> **Problem description**
Your reply should contain nothing except the lines from the one with "Smilodon was the" through the end of the listing below, reproduced exactly and stripped of pictures.

=== Exercise inputs ===

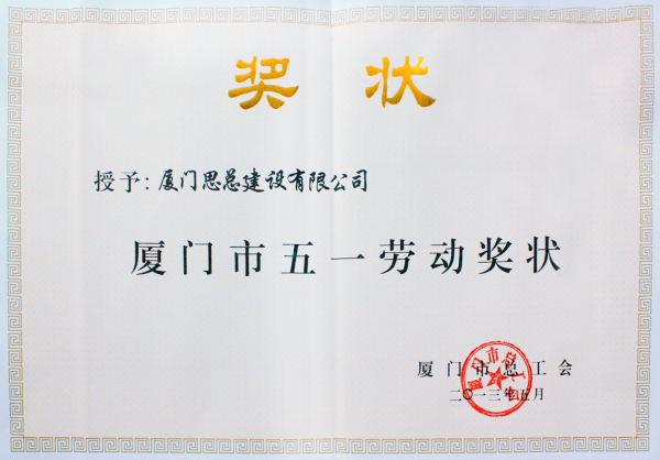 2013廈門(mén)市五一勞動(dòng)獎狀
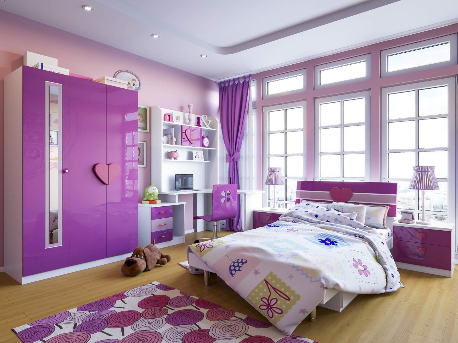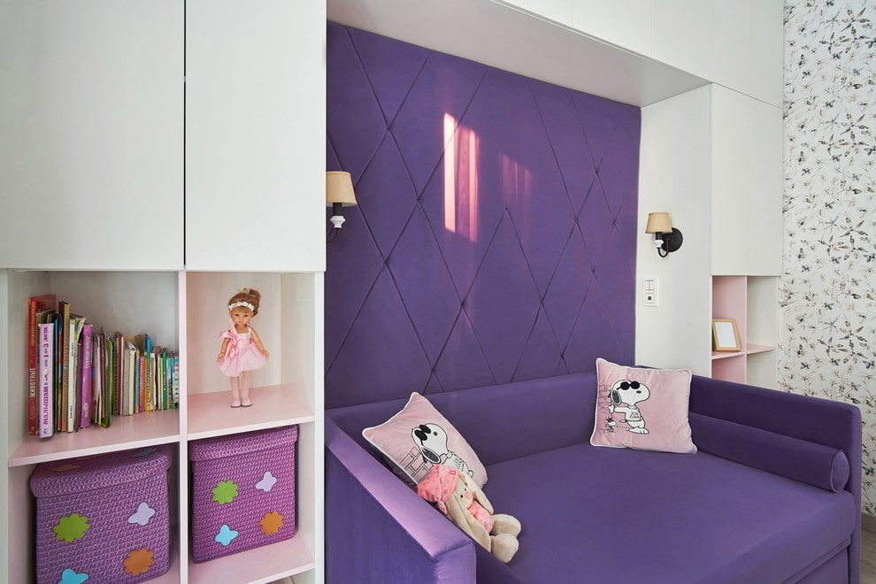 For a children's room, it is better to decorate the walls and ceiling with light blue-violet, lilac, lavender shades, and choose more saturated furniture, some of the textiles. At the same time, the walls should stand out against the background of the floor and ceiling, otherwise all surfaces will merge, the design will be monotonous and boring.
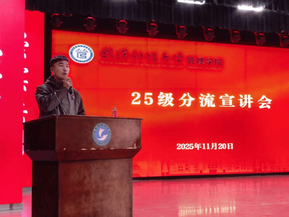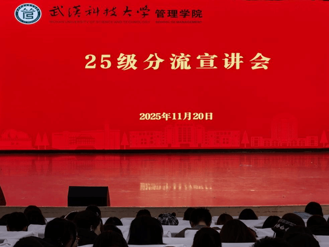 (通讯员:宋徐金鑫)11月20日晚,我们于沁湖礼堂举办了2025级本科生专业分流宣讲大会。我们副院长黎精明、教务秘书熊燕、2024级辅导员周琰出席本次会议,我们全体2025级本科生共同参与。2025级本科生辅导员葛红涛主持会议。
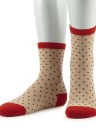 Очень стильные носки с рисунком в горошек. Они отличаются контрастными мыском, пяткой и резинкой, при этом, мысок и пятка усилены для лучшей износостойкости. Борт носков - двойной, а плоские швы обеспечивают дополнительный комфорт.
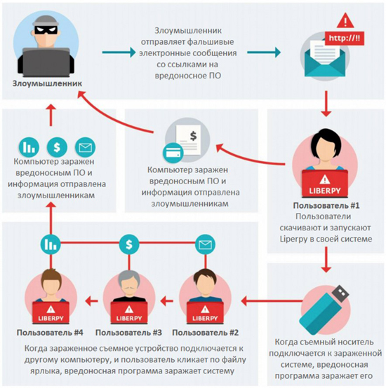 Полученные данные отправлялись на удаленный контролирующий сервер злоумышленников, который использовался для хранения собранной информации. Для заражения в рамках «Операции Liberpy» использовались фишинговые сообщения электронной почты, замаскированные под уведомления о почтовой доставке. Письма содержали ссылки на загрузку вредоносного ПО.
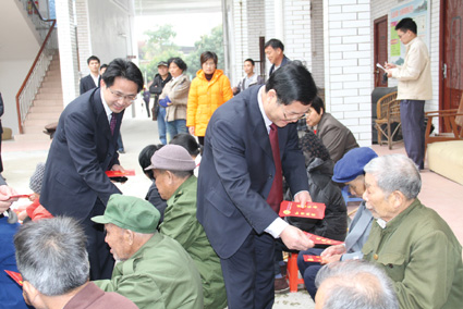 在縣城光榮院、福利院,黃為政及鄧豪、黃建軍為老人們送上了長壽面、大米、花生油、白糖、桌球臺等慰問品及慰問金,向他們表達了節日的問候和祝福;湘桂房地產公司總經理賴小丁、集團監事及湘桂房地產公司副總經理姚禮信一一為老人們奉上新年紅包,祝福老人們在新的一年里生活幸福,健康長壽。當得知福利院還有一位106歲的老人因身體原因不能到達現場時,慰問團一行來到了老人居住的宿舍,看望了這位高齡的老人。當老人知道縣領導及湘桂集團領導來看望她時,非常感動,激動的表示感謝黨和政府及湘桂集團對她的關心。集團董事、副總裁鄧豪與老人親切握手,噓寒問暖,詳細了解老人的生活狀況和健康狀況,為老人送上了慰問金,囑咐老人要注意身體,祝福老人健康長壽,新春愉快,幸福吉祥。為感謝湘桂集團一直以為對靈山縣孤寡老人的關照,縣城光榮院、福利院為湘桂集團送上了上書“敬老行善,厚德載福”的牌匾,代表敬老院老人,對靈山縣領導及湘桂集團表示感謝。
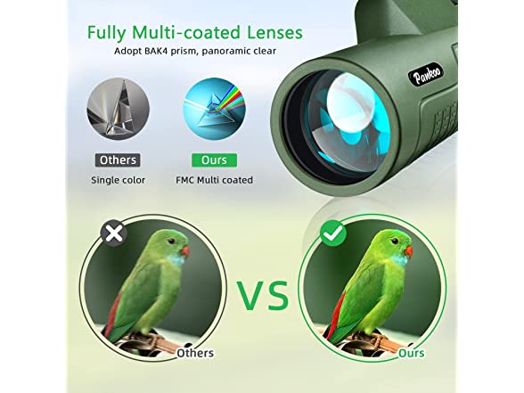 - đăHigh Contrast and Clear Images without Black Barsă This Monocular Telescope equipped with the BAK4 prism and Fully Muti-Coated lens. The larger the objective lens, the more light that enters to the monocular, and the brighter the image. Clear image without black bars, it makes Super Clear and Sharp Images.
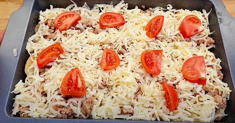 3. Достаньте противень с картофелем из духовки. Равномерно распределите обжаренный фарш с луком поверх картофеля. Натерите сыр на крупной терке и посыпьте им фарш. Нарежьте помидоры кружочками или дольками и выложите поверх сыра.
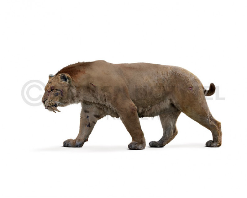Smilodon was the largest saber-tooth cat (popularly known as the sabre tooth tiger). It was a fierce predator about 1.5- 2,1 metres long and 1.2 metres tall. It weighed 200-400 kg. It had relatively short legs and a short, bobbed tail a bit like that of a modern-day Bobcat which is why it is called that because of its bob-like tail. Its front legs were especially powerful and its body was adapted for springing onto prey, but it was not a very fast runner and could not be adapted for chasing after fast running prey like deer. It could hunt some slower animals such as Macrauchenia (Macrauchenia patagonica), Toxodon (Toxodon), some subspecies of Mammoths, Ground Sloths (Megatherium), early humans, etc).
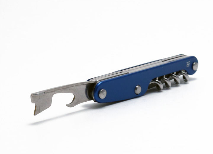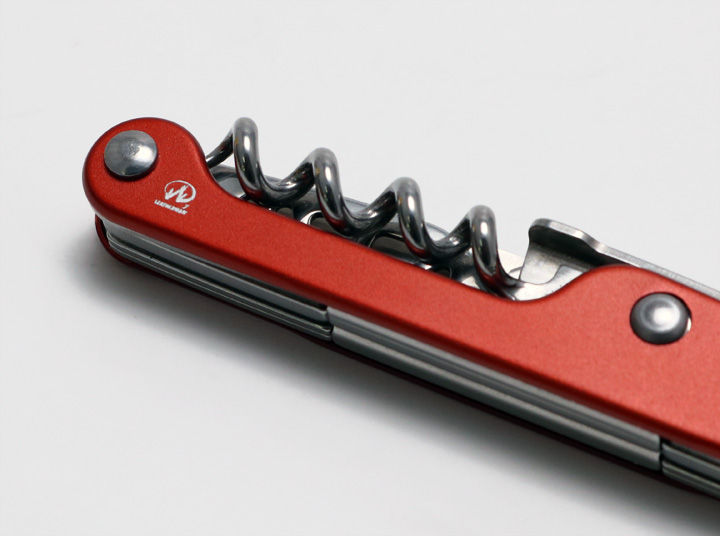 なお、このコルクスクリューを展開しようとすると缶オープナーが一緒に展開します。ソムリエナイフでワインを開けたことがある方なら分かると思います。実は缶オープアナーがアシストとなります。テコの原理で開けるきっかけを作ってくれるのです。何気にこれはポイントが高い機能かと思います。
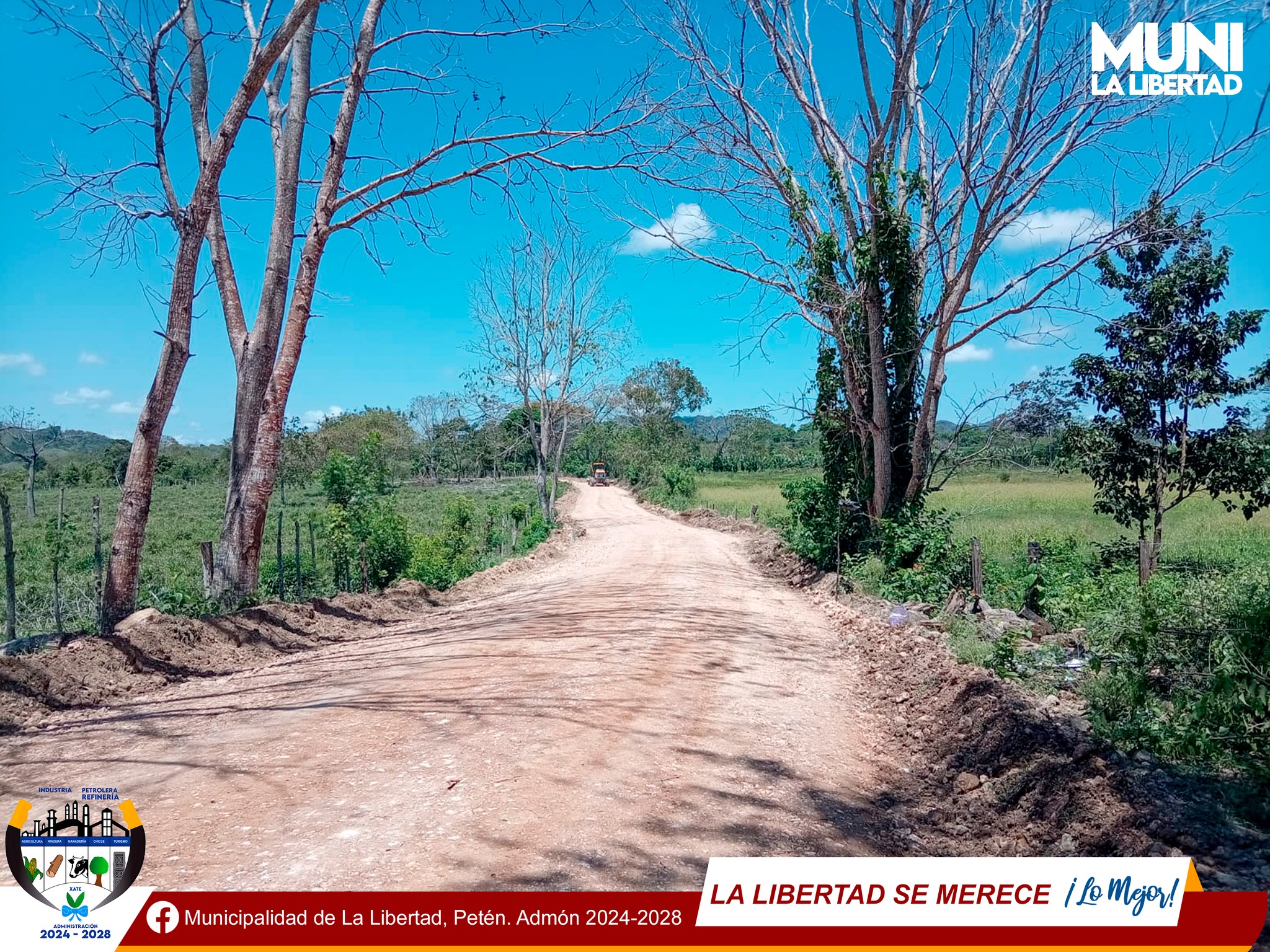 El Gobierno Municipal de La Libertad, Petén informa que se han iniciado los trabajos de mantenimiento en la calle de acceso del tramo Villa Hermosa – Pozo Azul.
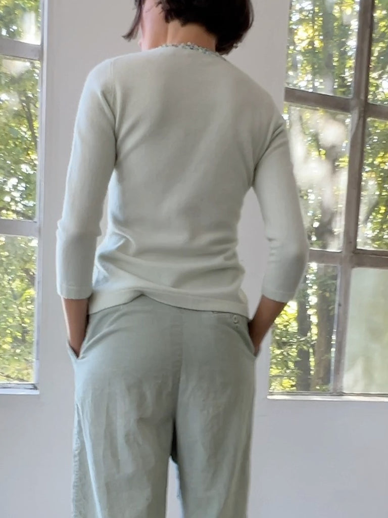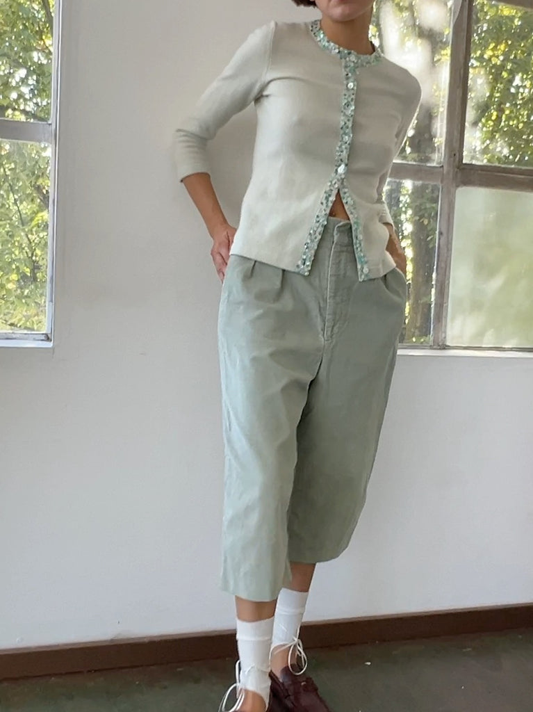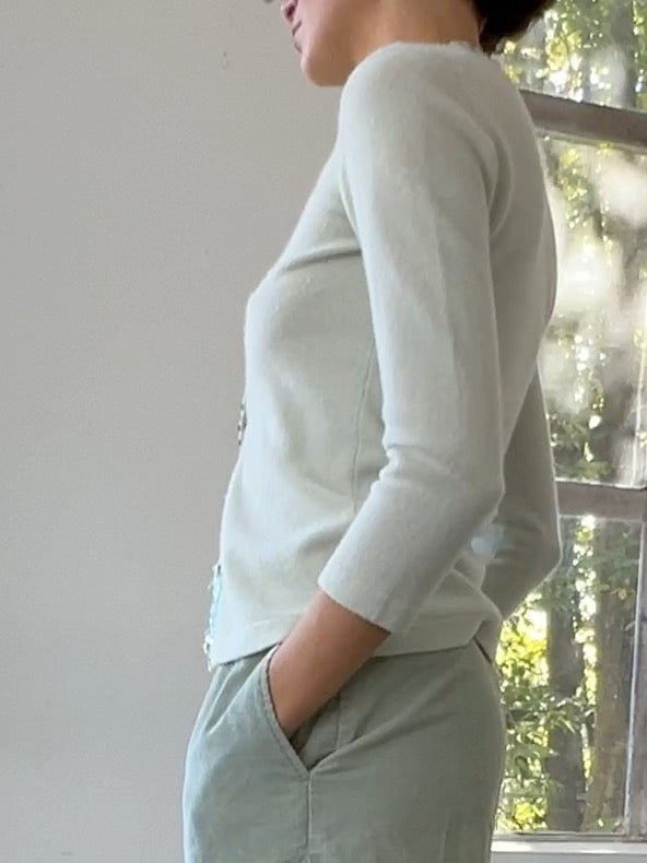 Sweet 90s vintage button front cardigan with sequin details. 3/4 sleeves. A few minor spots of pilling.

===

> **Answer section**
Smilodon was the largest saber-tooth cat (popularly known as the sabre tooth tiger). It was a fierce predator about 1.5- 2,1 metres long and 1.2 metres tall. It weighed 200-400 kg. It had relatively short legs and a short, bobbed tail a bit like that of a modern-day Bobcat which is why it is called that because of its bob-like tail. Its front legs were especially powerful and its body was adapted for springing onto prey, but it was not a very fast runner and could not be adapted for chasing after fast running prey like deer. It could hunt some slower animals such as Macrauchenia (Macrauchenia patagonica), Toxodon (Toxodon), some subspecies of Mammoths, Ground Sloths (Megatherium), early humans, etc).
 なお、このコルクスクリューを展開しようとすると缶オープナーが一緒に展開します。ソムリエナイフでワインを開けたことがある方なら分かると思います。実は缶オープアナーがアシストとなります。テコの原理で開けるきっかけを作ってくれるのです。何気にこれはポイントが高い機能かと思います。
 El Gobierno Municipal de La Libertad, Petén informa que se han iniciado los trabajos de mantenimiento en la calle de acceso del tramo Villa Hermosa – Pozo Azul.
 Sweet 90s vintage button front cardigan with sequin details. 3/4 sleeves. A few minor spots of pilling.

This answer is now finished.